One question in relation to gene expression in allopolyploids is whether a given gene is expressed at the same levels as expected from the two different genomes – that is, gene expression is additive – or whether one or both of the parental homoeologs, hereafter referred to for simplicity as 'parental alleles', are regulated in a novel fashion (non-additive gene expression). In a recent study published in BMC Biology, Rapp et al. [3] investigate this question in allopolyploid cotton, and by being able to detect allele-specific expression they have uncovered non-additive expression that would have remained hidden by other methods.

Mechanisms of hybrid incompatibility

To understand the extraordinary contribution of polyploids to diversity, it will be necessary to elucidate the mechanisms that lead to phenotypic variation and how they are modified to achieve adaptation. Among novel hybrid phenotypes, sterility and lethality are deleterious and produce reproductive barriers. Other consequences, such as heterosis or hybrid vigor, can be advantageous. Heterosis makes hybrids perform better than their parents in terms of increased biomass, size, yield, fertility, resistance to disease, and so on. Hybrids that survive lethality during embryogenesis can display vigorous growth during their later life. Remarkably, heterosis is reinforced by polyploidy: tetraploid hybrids show stronger heterosis than the corresponding diploid hybrids, which helps explain the remarkable success of polyploid plants in evolution [1].

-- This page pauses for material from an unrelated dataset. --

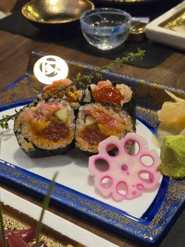 朋友升職請我食餐好野,此間日式居酒屋相當隱世。這裡的環境高雅,食物不僅美味,賣相精緻非常打卡able。坐在吧枱欣賞師傅製作每欣賞師傅製作每道菜品,真是一種享受,讓這餐飯食得更開心。金糖盒 $158以酥脆的最中餅盛載著軟滑的日式豆腐、鮮甜的海膽和咸鮮的三文魚籽。一口咬下去,幸福感瞬間充盈口腔,味道層次豐富。金龍珠海膽吞拿魚蓉卷 $158卷物裡內有黏口的醬漬蛋,搭配鮮甜的海膽和入口即化的吞拿魚蓉,咸甜滋味,美味滿分。粟米脆餅壽司 海膽三文魚子 $138菜以墨西哥Taco的方式呈現,脆餅一咬即碎,內裡夾有海膽、三文魚籽和沙律菜,搭配新意十足,口感獨特。戀丼 $238牛舌心彈牙爽口,搭配滿滿的三文魚籽丼飯,飯底的醬醋和蛋液融合,令人忍不住一口接一口。月見薄燒宮崎和牛飯團 $168和牛用火槍即燒,包裹著飯團和蛋,順滑濃郁,為味蕾帶來極致的享受。煙燻金䱽魚 $198煙燻白梭魚子香氣四溢,金䱽魚肉鮮嫩,甜美的油脂豐富,煙燻風味讓人陶醉。自家製雞皮蝦 $58雞皮香脆,蝦肉彈牙,簡單卻滋味十足。嚴選松板豬(頸) $58豬頸肉爽口有嚼勁,充滿油脂香。厚燒牛舌心 $58簡單用椒鹽調味,牛舌心爽口彈牙,讓人無法抗拒。安格斯牛肋肉 $58肉味濃郁,軟嫩多汁,每一口都是享受。…查看更多

The range of hybrid effects is puzzling and their molecular basis is not understood. All effects, however, must result from genetic variation that has accumulated in the parental lines since their divergence from a common ancestor. So, both favorable and unfavorable effects may derive from fundamentally similar mechanisms.

As early as the 1930s, Dobzhansky and Muller had developed an attractive model to explain incompatibilities between species [4]. They postulated that negative interactions between evolutionarily diverged genes were the basis for interspecific incompatibilities, leading to reproductive isolation. Molecular examples of such interactions have been described, confirming this genetics-based explanation of hybrid inviability. For example, components of disease-resistance pathways may interact to produce autoimmunity in plants [5], and in flies, components of the nucleoporin complex can display divergence-caused incompatibilities [6]. The type of divergence that produces incompatibility, however, is not limited to structural changes in proteins. Multiple instances involving dosage of interactive factors have also been described, such as the rescue of incompatible crosses by doubling the maternal contribution [7]. Chromosome evolution, such as alternate deletions following duplication of an essential gene, can also lead to incompatibility [8]. In conclusion, multiple genetic changes, including amino acid substitutions in proteins, differential gene regulation, and changes in chromosome structure can result in dramatic consequences upon hybridization. If any of these changes affects master cellular regulators, the consequences will cascade through regulatory pathways, leading to widespread alteration in gene expression.

Changes in genes expression that are mitotically or meiotically heritable, but do not involve DNA changes, are defined as epigenetic. In addition to genetic mechanisms, epigenetic phenomena also play a role in hybridization. A typical epigenetic response involves marking of the affected loci by differential DNA methylation, although other types of chromatin structures are persistent enough to produce epigenetic effects. Nucleolar dominance is one of the first epigenetic phenomena recognized both in plants and animal hybrids, entailing the silencing of one parental set of ribosomal RNA genes, while the other transcriptionally active set produces the nucleolus, which is the site of ribosome assembly [8]. In interspecific crosses, one species is stereotypically dominant, but developmental, genotypic and parental dosage variation can switch the pattern of dominance [9].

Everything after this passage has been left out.